━━━━━ SUPPLIED RECORDS

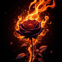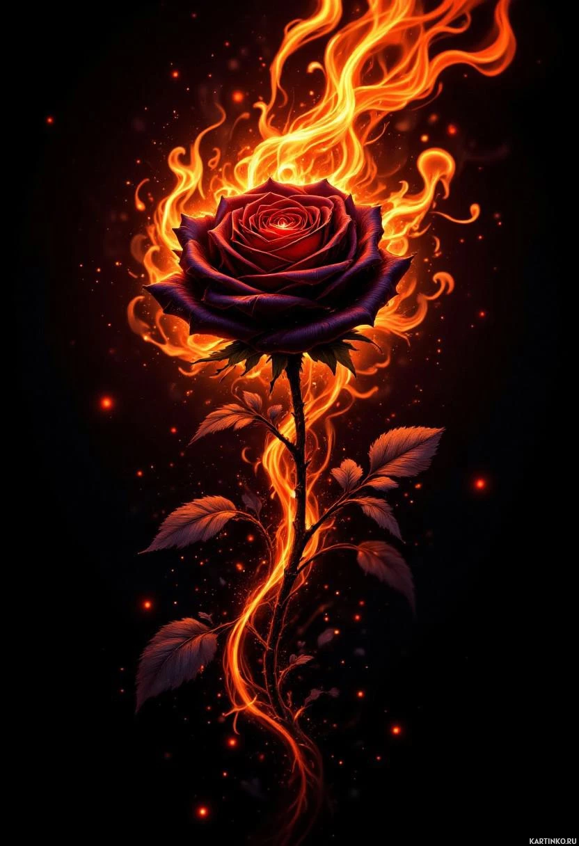 На картинке изображена одинокая роза, из лепестков которой вырываются языки пламени, создавая эффект огня. Роза темно-красного цвета и выделяется на фоне черного пространства, усыпанного маленькими искрами или звёздами. Общая композиция создает ощущение страсти или опасности, свойственное этому цветку.
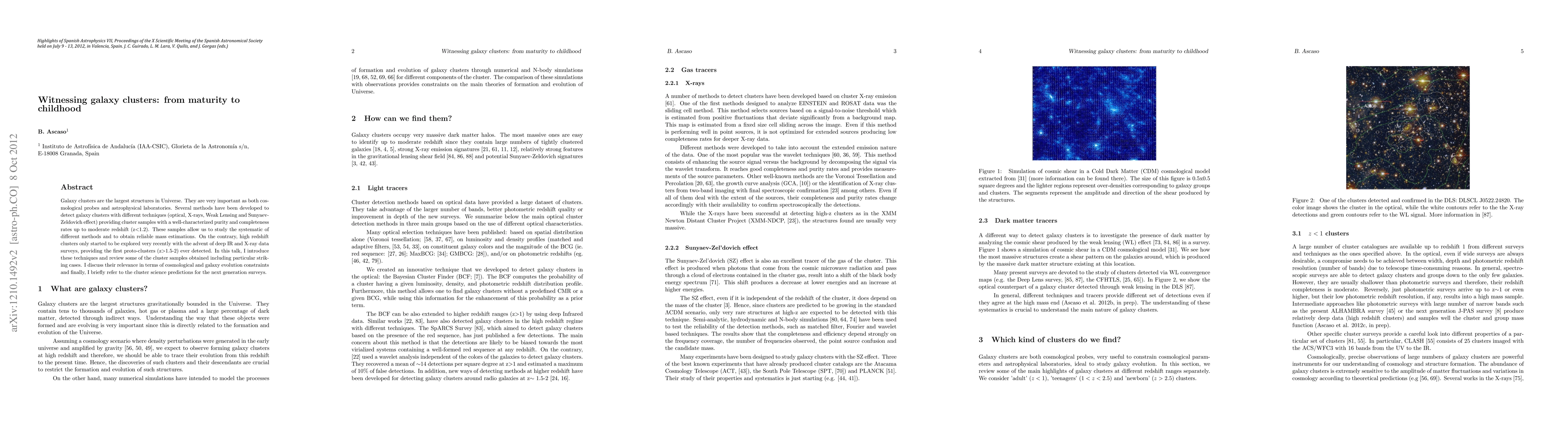 Galaxy clusters are the largest structures in Universe. They are very important as both cosmological probes and astrophysical laboratories. Several methods have been developed to detect galaxy clusters with different techniques (optical, X-rays, Weak Lensing and Sunyaev-Zeldovich effect) providing cluster samples with a well-characterized purity and completeness rates up to moderate redshift (z$<$1.2). These samples allow us to study the systematic of different methods and to obtain reliable mass estimations. On the contrary, high redshift clusters only started to be explored very recently with the advent of deep IR and X-ray data surveys, providing the first proto-clusters (z$>$1.5-2) ever detected. In this talk, I introduce these techniques and review some of the cluster samples obtained including particular striking cases. I discuss their relevance in terms of cosmological and galaxy evolution constraints and finally, I briefly refer to the cluster science predictions for the next generation surveys.
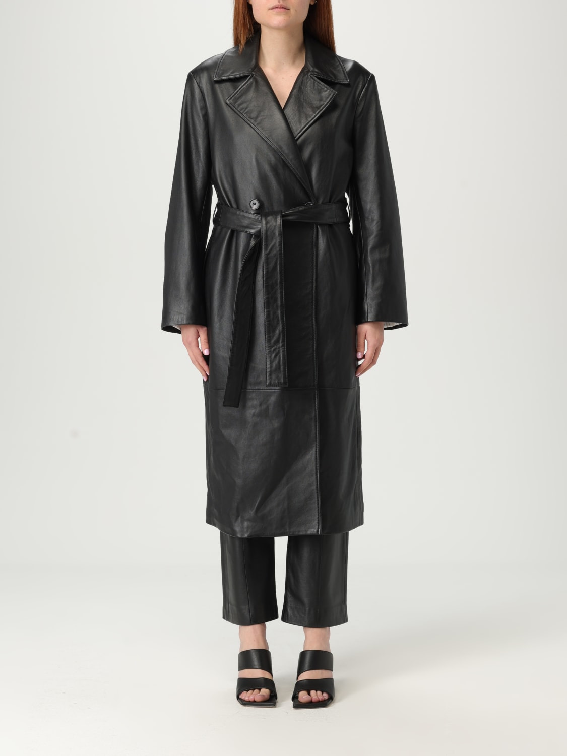 Women's Black Leather Trench Coat
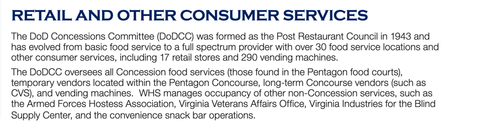 A big 2025 “WELCOME to the PENTAGON” pdf also has descriptions about the different third-party vendors within the food court specifically, and the DoDCC oversees all of them.
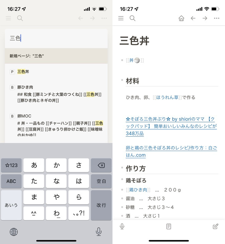 特定のノートを検索して見つけるというシンプルな使い方では、多機能でいろいろなことができるObsidian mobileよりもLogseqの方が快適なことが多い。
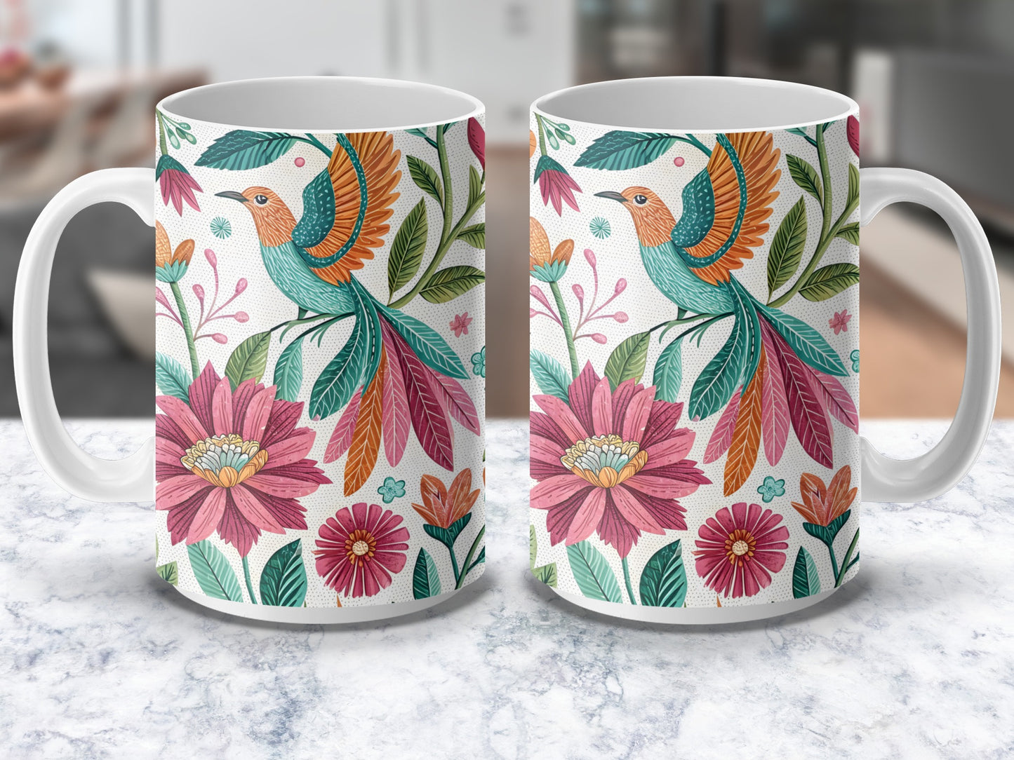 Otomi Birds Flowers Digital Print Wall Art Decor Digital
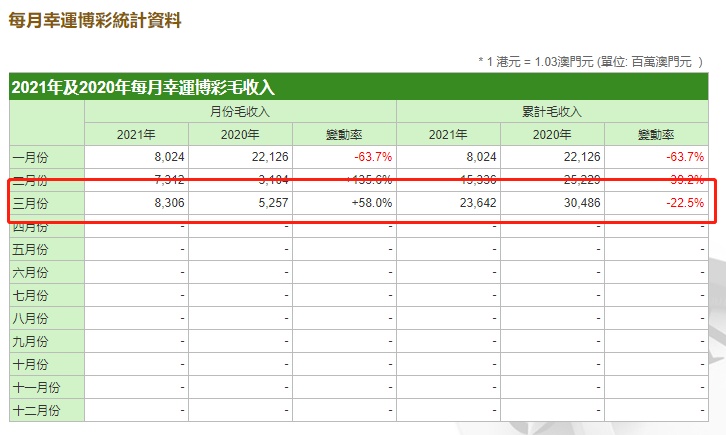 澳门3月幸运博彩毛收入83.06亿澳门元 同比增长58%
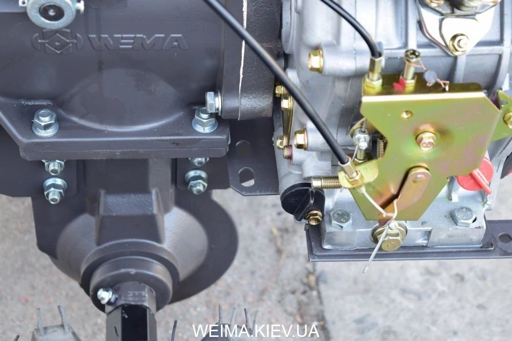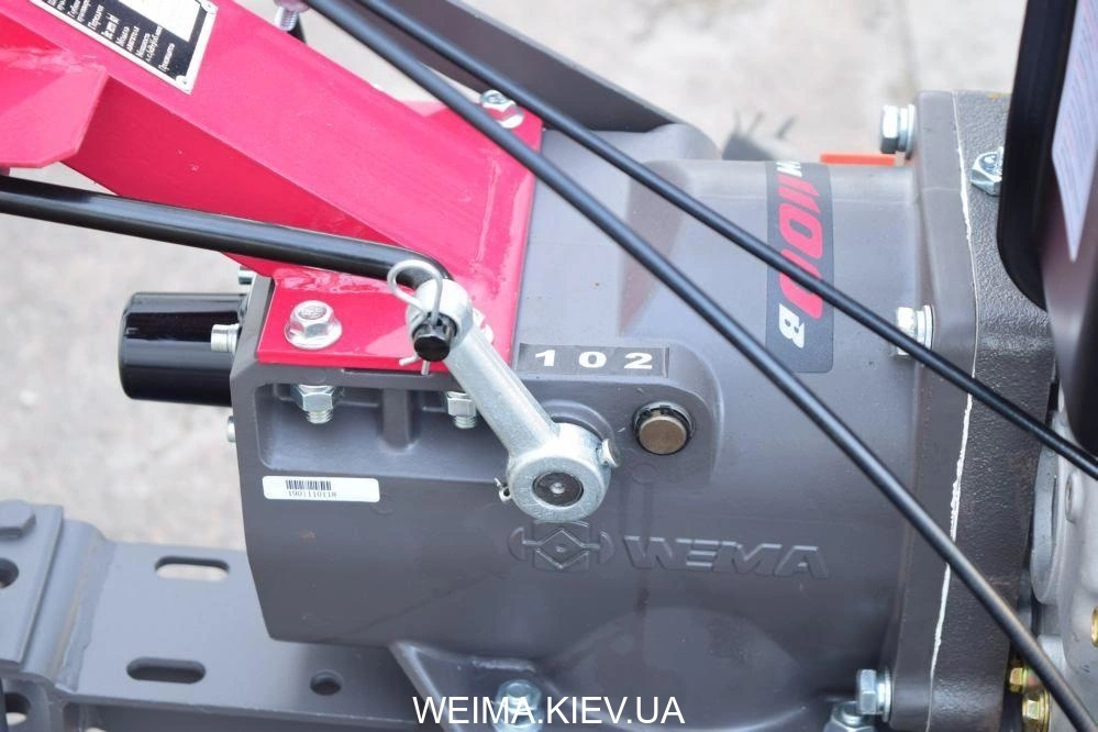 КПП мотоблока Weima (Вейма) WM1100B PRO имеет 2 скорости движения вперед и 1 скорость назад. ПВ результате исходя из вида работ, оператор определяет оптимальную скорость движения силового агрегата.
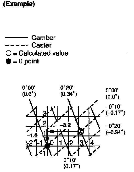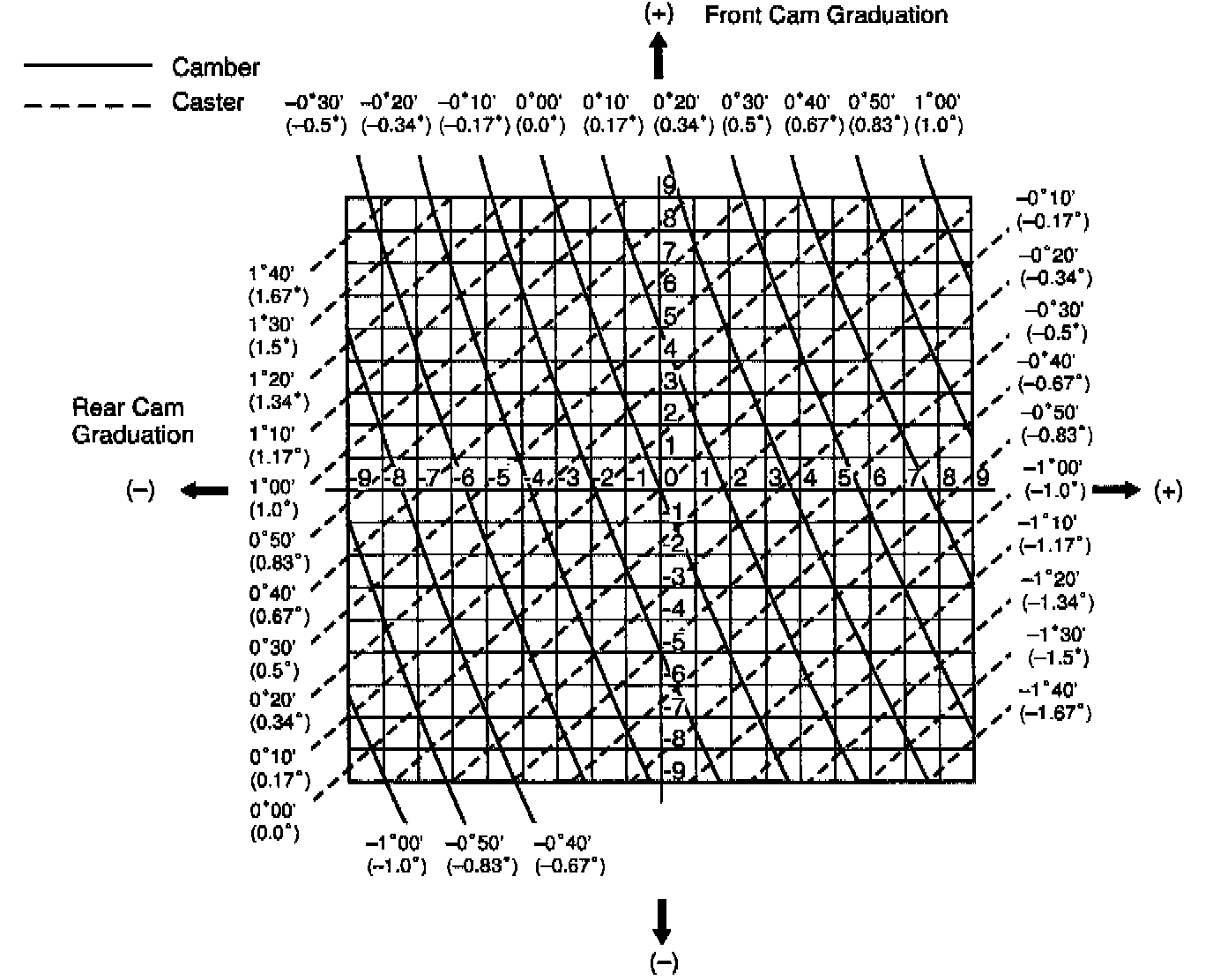 3. As shown in the chart, read the distance from the marked point to 0 point, and adjust the front and/or rear adjusting cams accordingly.

━━━━━━━━━━

WHAT YOU NEED TO DO:
Locate "all of them." in the entries above. Copy, exactly and only, the lines from that line to the end, leaving out the pictures.

FINISHED EXERCISE:
 A big 2025 “WELCOME to the PENTAGON” pdf also has descriptions about the different third-party vendors within the food court specifically, and the DoDCC oversees all of them.
 特定のノートを検索して見つけるというシンプルな使い方では、多機能でいろいろなことができるObsidian mobileよりもLogseqの方が快適なことが多い。
 Otomi Birds Flowers Digital Print Wall Art Decor Digital
 澳门3月幸运博彩毛收入83.06亿澳门元 同比增长58%
 КПП мотоблока Weima (Вейма) WM1100B PRO имеет 2 скорости движения вперед и 1 скорость назад. ПВ результате исходя из вида работ, оператор определяет оптимальную скорость движения силового агрегата.
 3. As shown in the chart, read the distance from the marked point to 0 point, and adjust the front and/or rear adjusting cams accordingly.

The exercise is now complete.